私も、診断前にサバの塩焼きを試し症状は出ませんでした。でも、サバの水煮缶は20gで呼吸困難になりました。圧力調理の際、水煮というよりアニサキス煮の状態で、アニサキスのエキスがしっかり染み渡ったサバだったのでしょうか。恐ろしや。。。

そういう訳で、一概に除去の範囲を決めることが難しく、アナフィラキシーを起こした患者さんは、完全除去からスタートすることが多いようです。

小児の食物アレルギーでは、除去範囲は最小限に留めるのが基本になっています。それに対し、成人のアニサキスアレルギーの場合、未知の部分が多く、食品中に含まれる寄生虫や原因タンパク質の割合にばらつきがあるので、現時点では除去範囲を広く取らざるを得ない、ということだと思います。魚介類が食べられるというQOLのため、ロシアンルーレット的にアナフィラキシー・命をかけるのは、バランスが悪すぎますよね。

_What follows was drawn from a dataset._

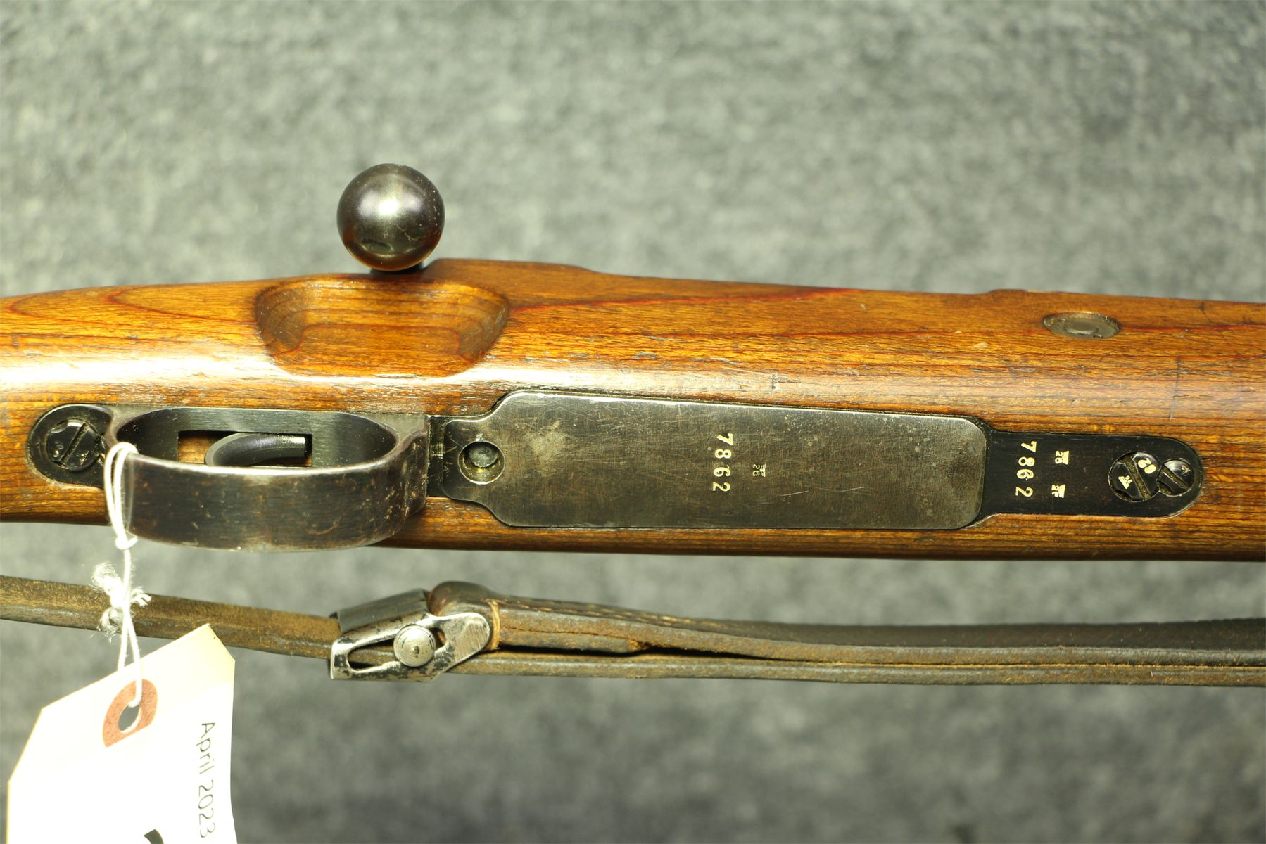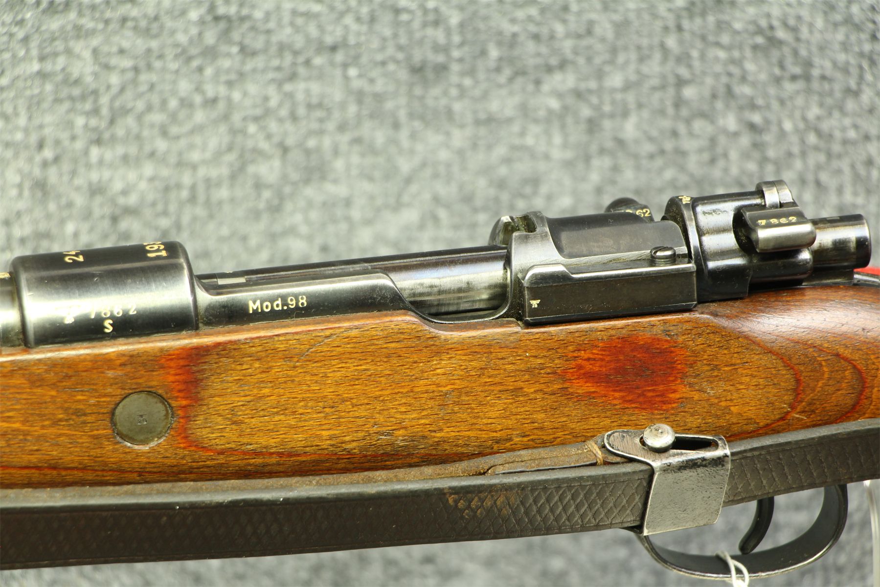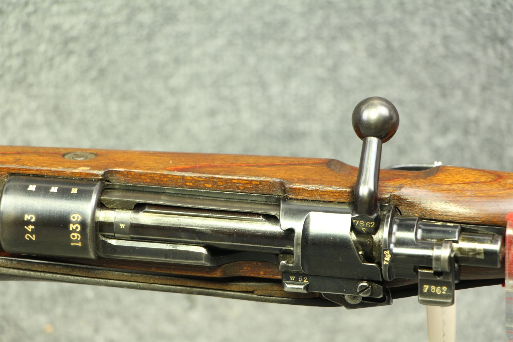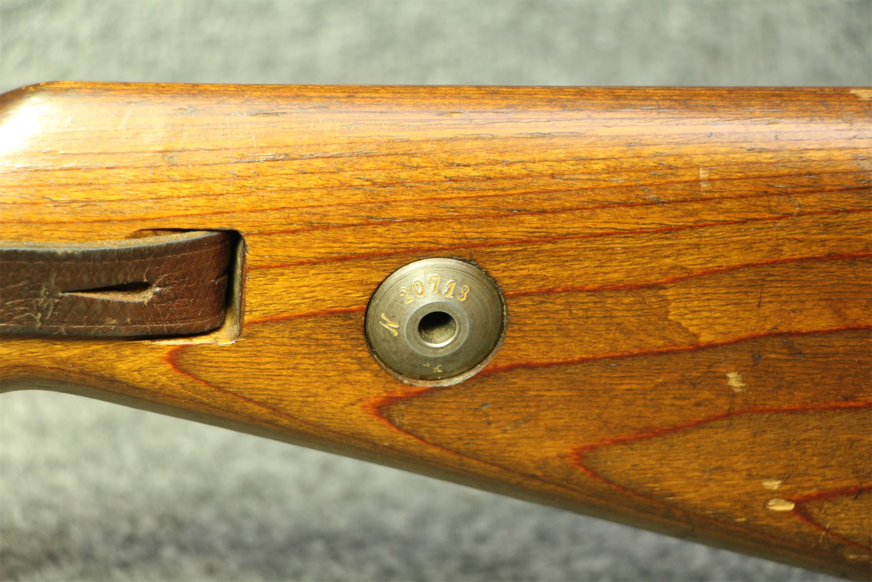 Complete and in issue condition. Nazi stamps. All numbers the same. I have never seen one with the muzzle cap before. Tiny handling marks on the buttstock. Issue sling. No rust.

どう除去すべきかが定まっていなく、標準的な診療ガイドラインもないので、治療する医師によって、除去の指示が曖昧だったり、正確でなかったり大きなばらつきがあることも問題の1つです(例 生魚だけ除去でOK、味噌汁のダシはOK、養殖魚はOK等)。その結果、アレルギー症状を再発したり、どう除去すべきか不明な中、不安を抱えて毎日の食事を取らなければいけないケースも頻繁に起こっています。 

アニサキスアレルギーが、ちょっと厄介な理由が、一般の皆様にも伝わるといいなと思います。

そして、食物アレルギーの同胞の皆様、原材料だけでなく、コンタミにもお気をつけ下さい!

いつもお読み頂き有難うございます。